▸ Exercise
In the data below, repeat the line containing "Το χειροποίητο ενιαίο" and every following line exactly, up to and including the last line. Exclude pictures.

---

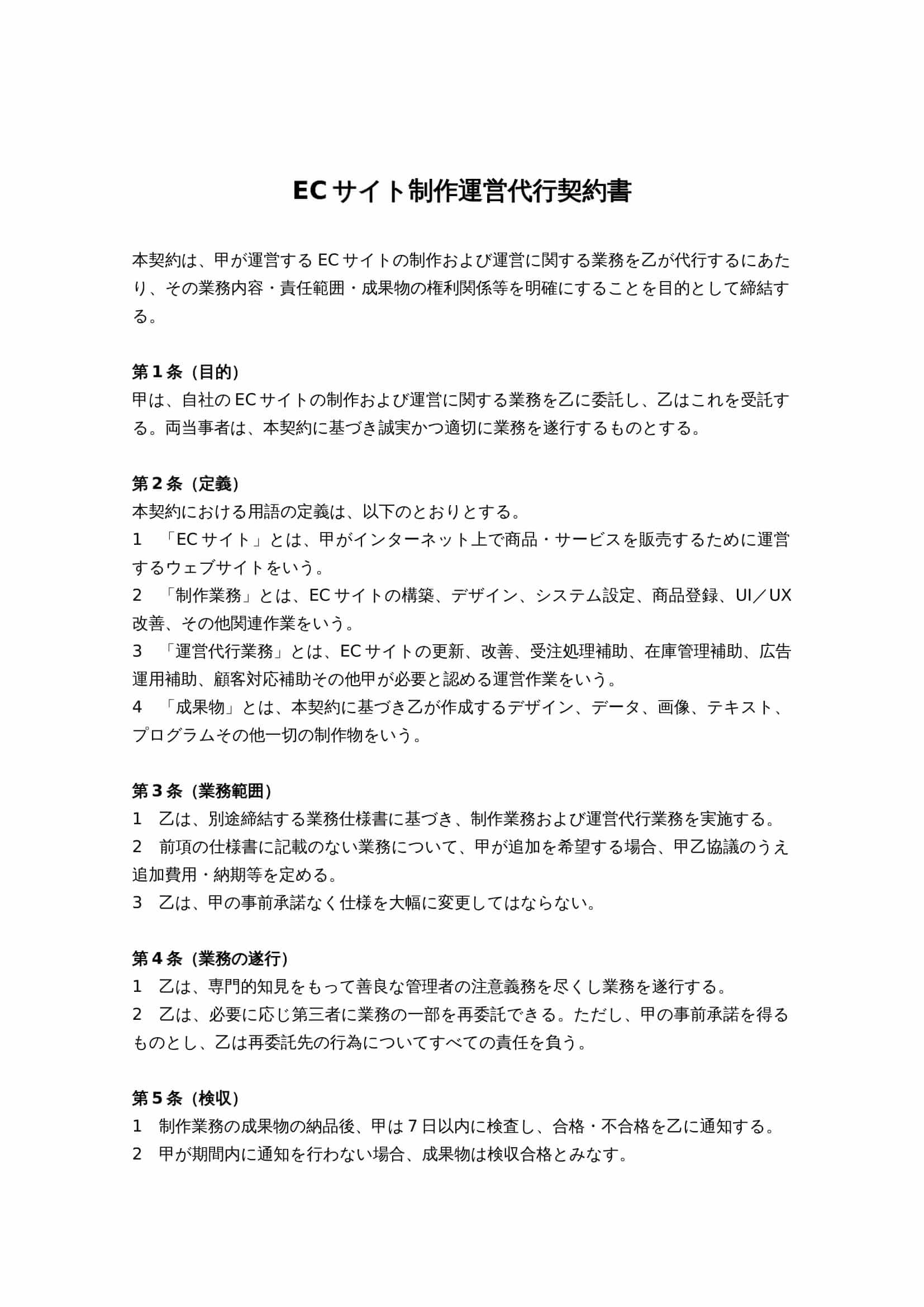 ECサイト制作運営代行契約書は、ECサイトの構築から更新・受注処理補助・改善提案まで、運営を外部委託する際の業務範囲や責任、権利関係を明確化するための契約書です。制作物の著作権やデータ管理、秘密保持な...
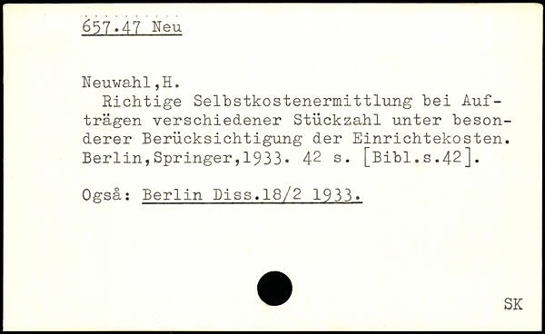 Richtige Selbstkostenermittlung bei Aufträgen verschiedener Stückzahl unter besonderer Berücksichtigung der Einrichtekosten.
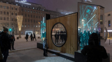 主持人在甘肃省群众文艺展演展播活动首场演出中和机器人互动(1月7日摄)。
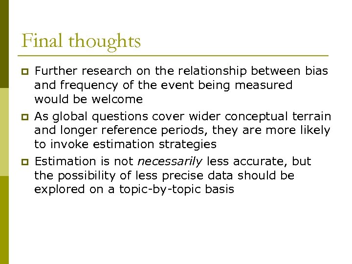 Final thoughts p p p Further research on the relationship between bias and frequency of the event being measured would be welcome As global questions cover wider conceptual terrain and longer reference periods, they are more likely to invoke estimation strategies Estimation is not necessarily less accurate, but the possibility of less precise data should be explored on a topic-by-topic basis
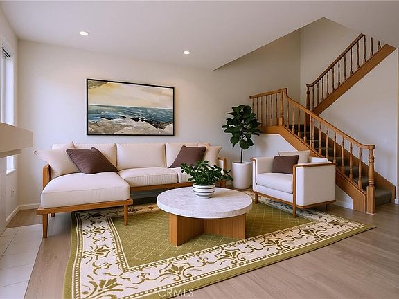 New Spanish tile roof, new luxury vinyl plank flooring downstairs and new carpet upstairs, quartz double-sink vanity in the primary bath, updated garage with epoxy floors, newer door/opener, and laundry area, central air, mirrored closet doors, and recessed lighting. The main floor includes a powder room and direct access to the two-car garage. Upstairs, you’ll find a versatile loft (ideal for a home office or easily converted to a third bedroom), a spacious primary suite with vaulted ceilings and walk-in closet, plus a secondary bedroom with French doors to its own balcony.
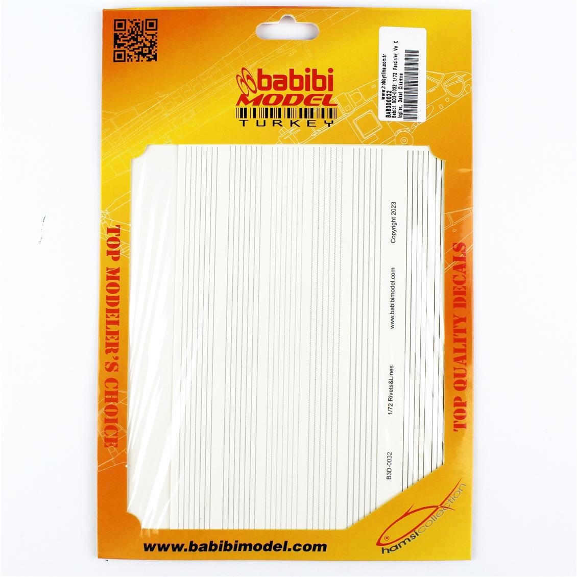 Babibi BD3-0032, 1/72 ölçekli model uçaklar, askeri araçlar ve diorama projeleri için özel olarak tasarlanmış perçinler ve çizgiler çıkartmalarını içerir. Bu seti kullanarak, modellerinize gerçekçi detaylar ekleyebilir ve her projede profesyonel bir görünüm elde edebilirsiniz.
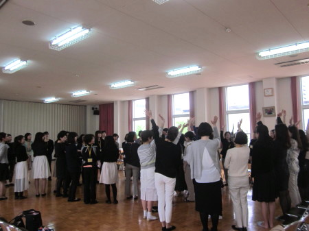 始めは、子どもたちが取り組んでいるリズム遊びに挑戦です。
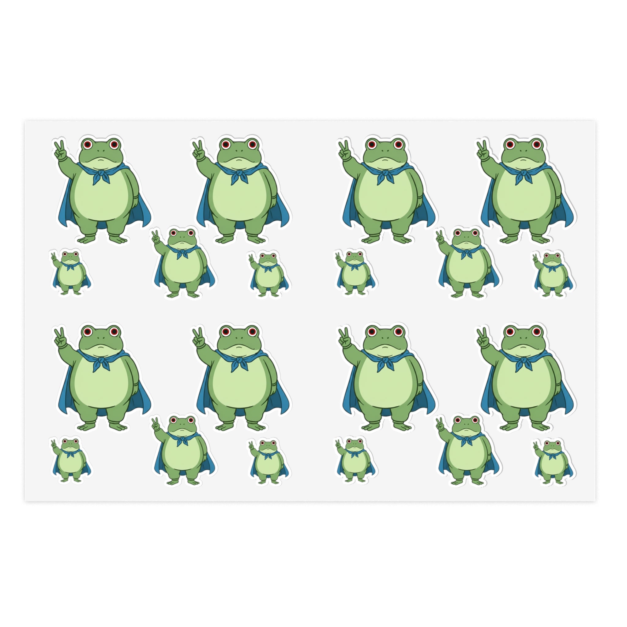 This isn’t just a sticker sheet—it’s a tribute to inflatable absurdity. Red eyes. Blue cape. Downturned mouth. The frog who danced through pepper spray and still looked unimpressed.
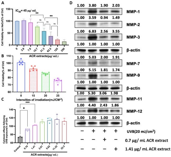 2.1. UV-Protective Effects Mechanism of A. cinnamomea Residue Extracts on HaCaT Cells
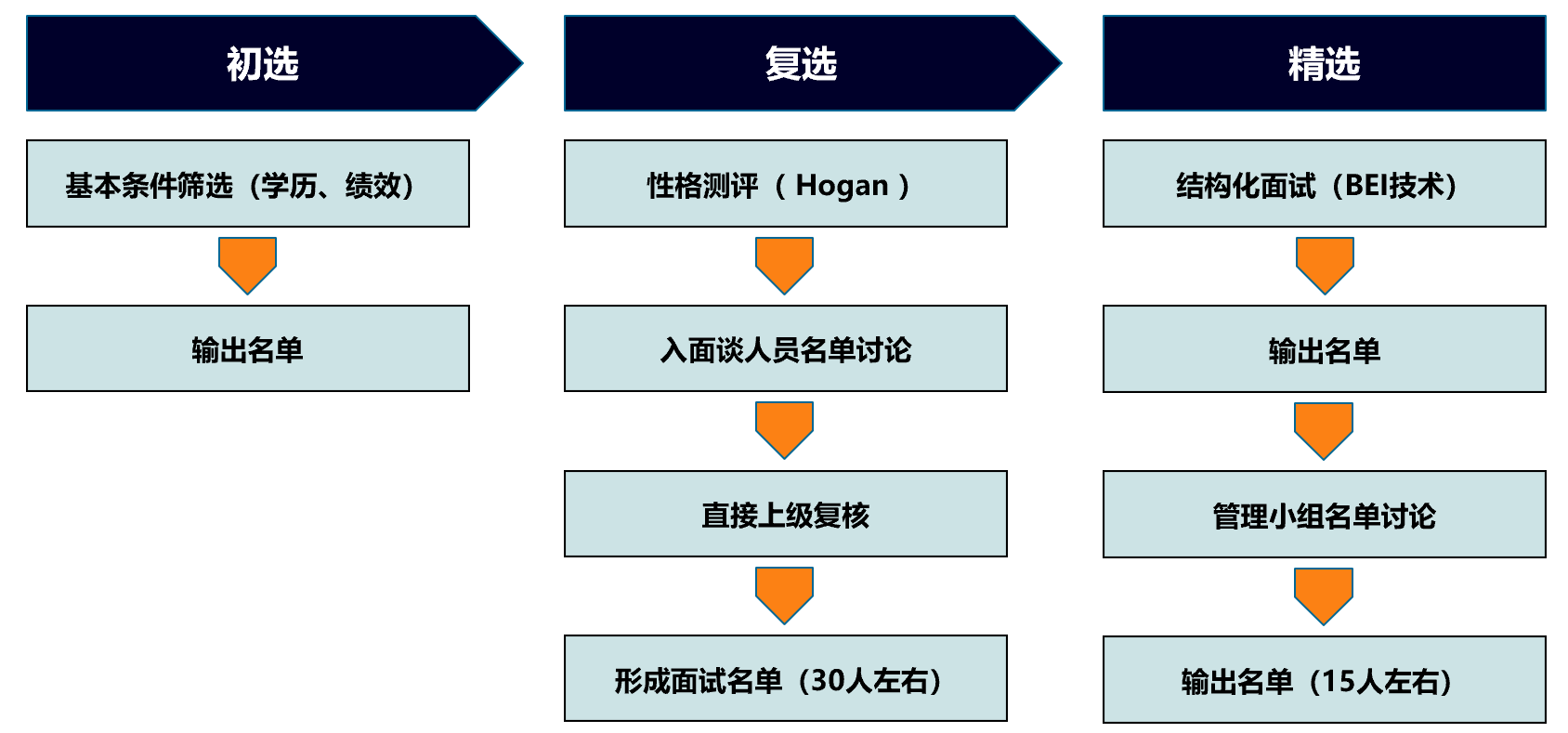 在高潜人才计划实施前,人力主管部门会对楼内外岗位序列人才需求进行测算和评估,拟定入选人才数量需求。在甄选环节,合思管理针对地服部情况,建立了初选、复选、精选的三级筛选机制,通过自荐、部门推荐、专业测评等多手段结合,对候选人的资质、学历、绩效、发展潜力、经历等进行了全方位的评估。
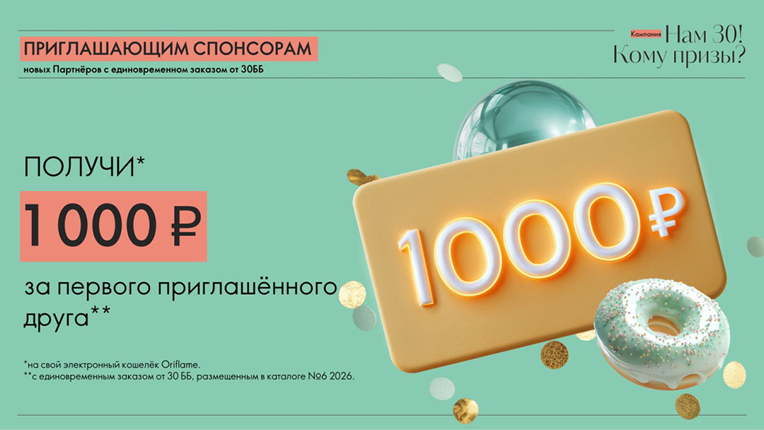 - Получите 1500 рублей3 на свой электронный кошелёк, которые могут быть использованы получением скидки на покупку продуктов Oriflame при совершении заказов, размещенных в период с 10 мая 2026 года с ограничением до 60% от общей суммы заказа.
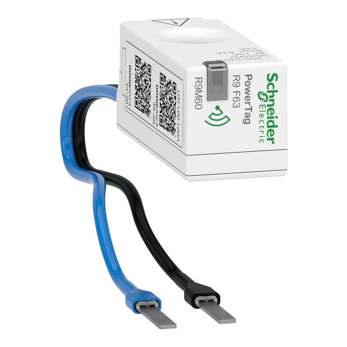 PowerTag Resi9 F63. 1 polig + N, 230V AC, Imax 63A. Verbindung zum Wiser IP Gateway über Funkverbindung - ISM Band 2.4 GHz to 2.4835 GHz. Einbau von oben oder unten an einen Leitungsschutzschalter. Energiesensoren zum Übertragen der Energiedaten an das Wiser IP-Gateway.
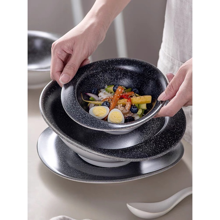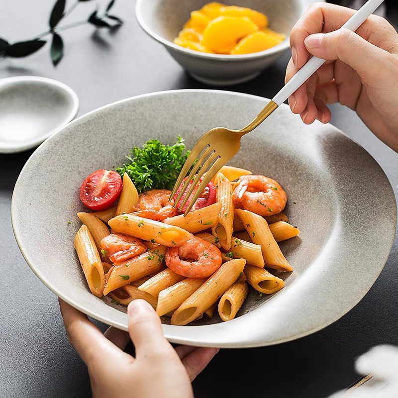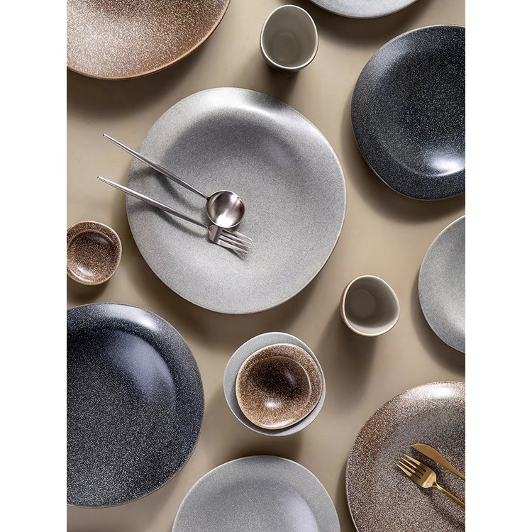 Nhà cửa & Đời sống > Bộ đồ bàn ăn > Dĩa || Bộ bát và đĩa lệch sang trọng, viền vàng, nhiều màu, sử dụng cho nhà hàng cao cấp hay gia đìnhCòn hàng
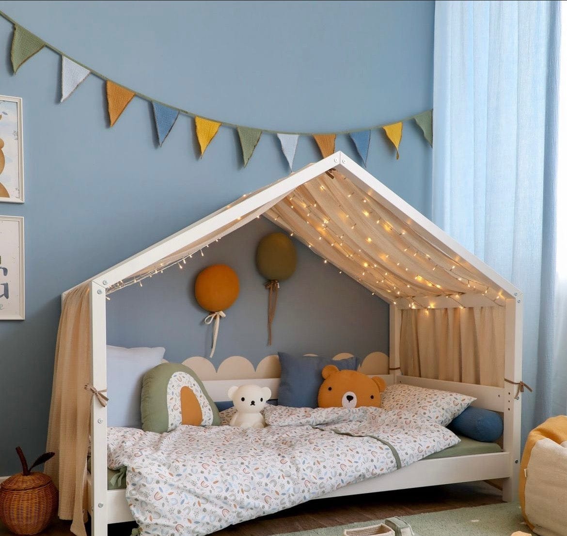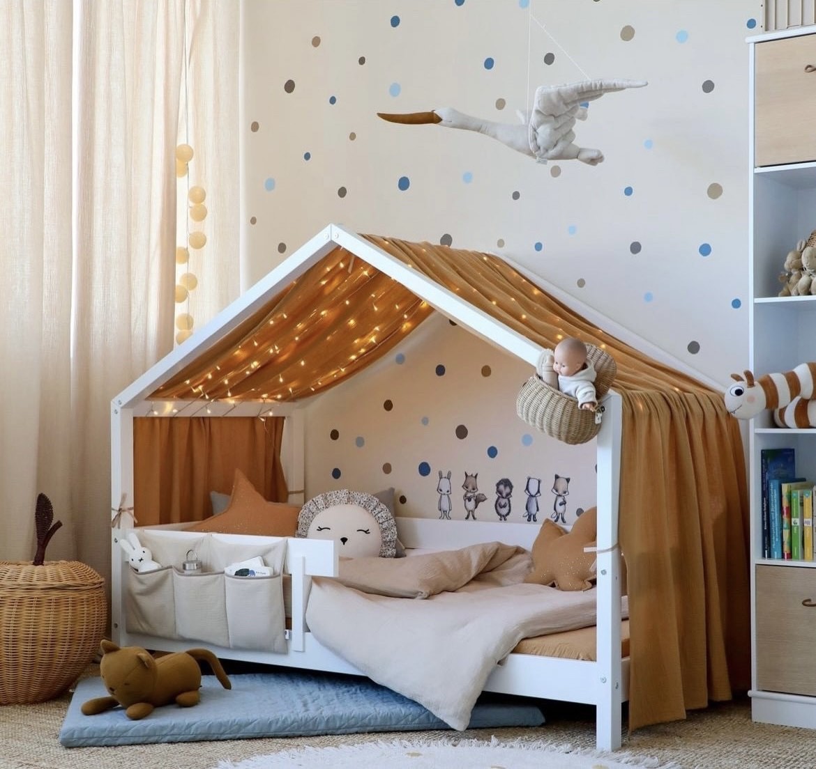 Το χειροποίητο ενιαίο πανί για κρεβάτι montessori είναι ένα προϊόν που σχεδιάστηκε και κατασκευάστηκε αποκλειστικά από εμάς. Είναι ιδανικό για τη διακόσμηση του παιδικού δωματίου όπου τοποθετείται πάνω από το κρεβάτι δημιουργώντας ένα ονειρεμένο σκηνικό παιχνίδι για τους μικρούς μας φίλους. Ιδανικό για να προσθέσετε μια ιδιαίτερη αισθητική και στυλ στο παιδικό δωμάτιο.
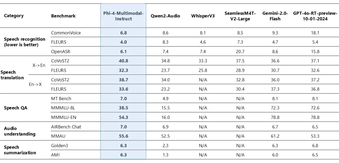 文章来源于互联网:微软Phi-4家族新增两位成员,5.6B多模态单任务超GPT-4o,3.8B小模型媲美千问7B
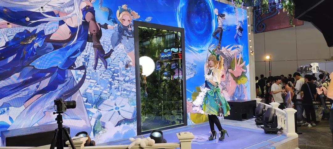 騰訊新晉大世界二遊《歸環》除了Coser舞臺外,還在展區另一側搭了一座巨型美少女造像。
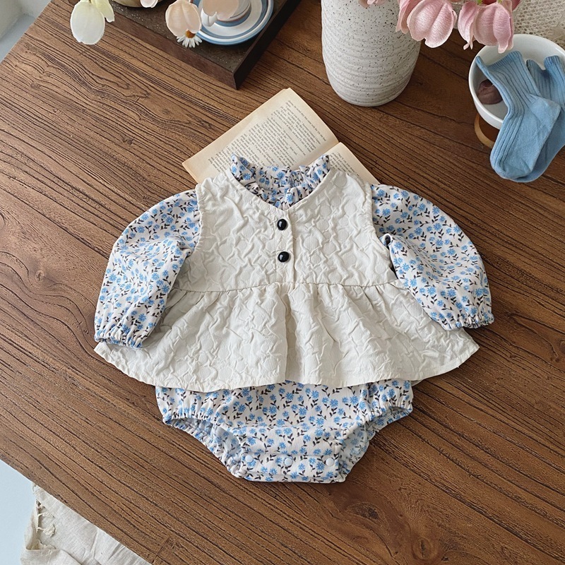 秋のベビー版花柄長袖バッグおしりベストスカートセット女性ベビー洋風2点セット

---

▸ Expected answer
 Το χειροποίητο ενιαίο πανί για κρεβάτι montessori είναι ένα προϊόν που σχεδιάστηκε και κατασκευάστηκε αποκλειστικά από εμάς. Είναι ιδανικό για τη διακόσμηση του παιδικού δωματίου όπου τοποθετείται πάνω από το κρεβάτι δημιουργώντας ένα ονειρεμένο σκηνικό παιχνίδι για τους μικρούς μας φίλους. Ιδανικό για να προσθέσετε μια ιδιαίτερη αισθητική και στυλ στο παιδικό δωμάτιο.
 文章来源于互联网:微软Phi-4家族新增两位成员,5.6B多模态单任务超GPT-4o,3.8B小模型媲美千问7B
 騰訊新晉大世界二遊《歸環》除了Coser舞臺外,還在展區另一側搭了一座巨型美少女造像。
 秋のベビー版花柄長袖バッグおしりベストスカートセット女性ベビー洋風2点セット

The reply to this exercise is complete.